人の心がわり
【心惹かれたことば】
≪私は恋愛小説を書くのがわりに好きだ。
なぜかというと、”人の心がわり”ということほど、人生に大きなショックはないだろうから。挑戦しがいある文学テーマである。というのも、人は、人を好きになったり、愛したりする。それも人生では衝撃的なできごとであるが、愛がさめ、好意が薄れることも、人生にはある。人は心がわりする。それを、とどめられないことも人生には、ある。 〈ひよこのひとりごと〉 ≫
田辺聖子 上機嫌な言葉366日 海竜社 46頁
既刊の作品からさまざまなことばを抽出した「ことば集」であるこちらの本。その中からいいなぁと思ったのが上記のことば。「ひよこのひとりごと」というエッセイ集の中の一説になります。
【考察】
うまくいかない時はうまくいかないものだ。そういうもの。そのまま受け入れる。あれこれ考え悩まなくてもいい。何が悪いのか考えなくてもいい。

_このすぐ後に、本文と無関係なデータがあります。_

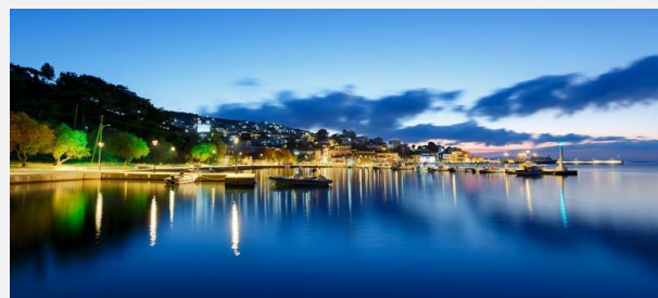
Ξημέρωμα στις Οινούσες
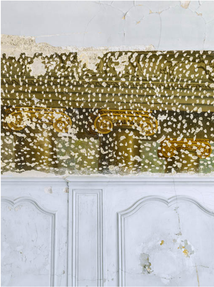
Peinture du petit salon : détail des chapiteaux à volutes et entablements ioniques. 21, Châteauneuf château fort
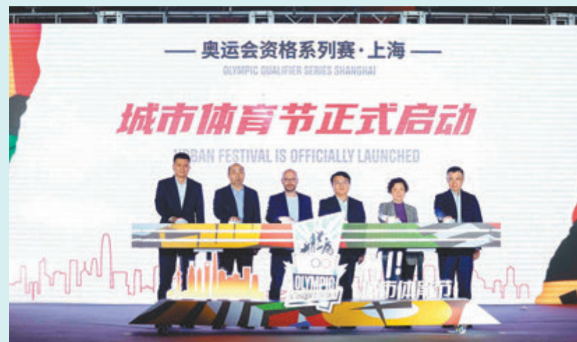
城市體育節正式啟動。

香港文匯報訊（記者 夏薇上海報導）奧運會資格系列賽日前迎來倒計時30天。16日晚間，賽事票務銷售全面啟動，城市體育節拉開序幕。國際奧委會奧運會部副部長巴迪表示，上海有着豐富的國際高水平賽事舉辦經驗，對於奧運會資格系列賽，上海的籌備非常有信心。
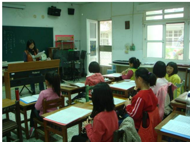
音樂教室作為直笛課程上課地點
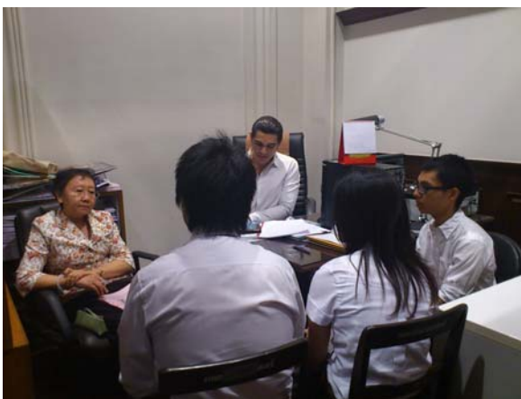
บรรยากาศการตรวจประเมินคุณภาพ วันที่ 17 ส.ค. 55
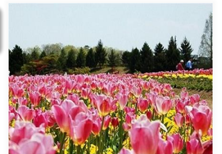
協賛会場イメージ
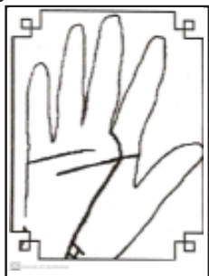
బాబా గీసిన అరచేతి పటము
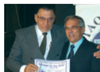
MARTAN MÓVEIS E DECORAÇÃO Loja de móveis e decoração Rua Goiás, 305 / Rua Joaquim M., 515 (38) 3672 1475
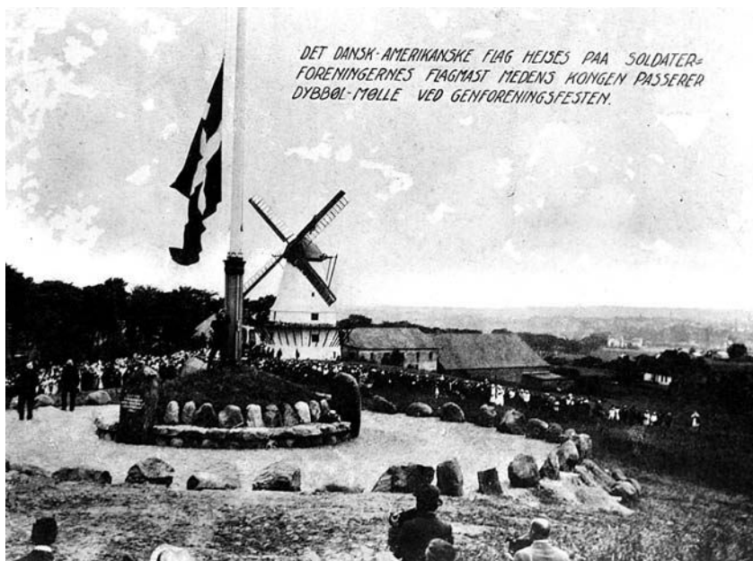
Dannebrog hejstes på den store flagstang på Dybbøl Banke, mens kong Christian X kørte forbi i forbindelse med genforeningsfesten den 11. juli 1920.

I Flensborg Avis blev der slået til lyd for, at det for sammenhængskraftens og oprejsningens skyld var bedre at have kæmpet forgæves end slet ikke at have kæmpet: »Vi sønderjyder ville nødigt være tvungne ind under fremmedherredømmet uden forsvaret på Dybbøl [...]« 21
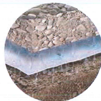
FILTRATION FILTRATION FILTRATION
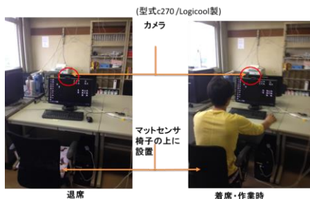
図2 実際の実験風景

今回は2台の PC に各スマートタップとマットセンサを設置した。時間表示には Visual Basic2015 で作成した専用アプリを使用した。実際に実験を行った様子を図2に示す。
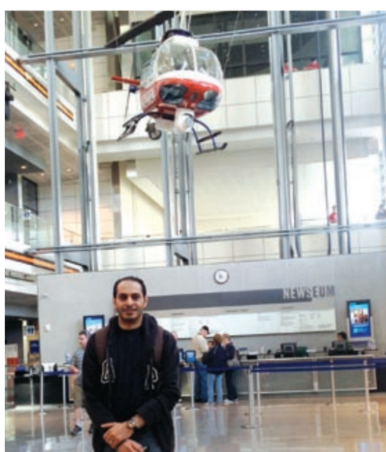
طائرة هليكوبتر أخبار معلقة في سقف المتحف من الداخل
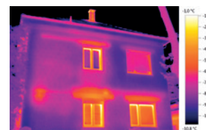
Image thermique avec testo ScaleAssist
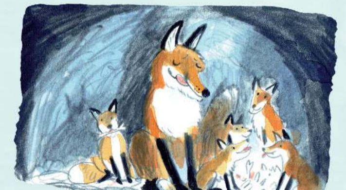
Nhưng con cáo đã trốn thoát được về hang để tận hưởng bữa tiệc thịnh soạn cùng các con. Bài hát có câu: “Mấy con cáo con nhai xương rau rầu”.

考えなくてもいい。考えてもいい。なぜ自分は上記のことばに惹かれたのかを考える。
「それもまた、良しや」
田辺聖子さんの作品が好きで以前に何冊か読みました。しなやかさと言いますか、やわらかさと言いますか、どうしようもなさと言いますか、可愛げのある男女が多く登場するんですよ。好きです。まだ読んでない作品も多くあるので読んでみようと思います。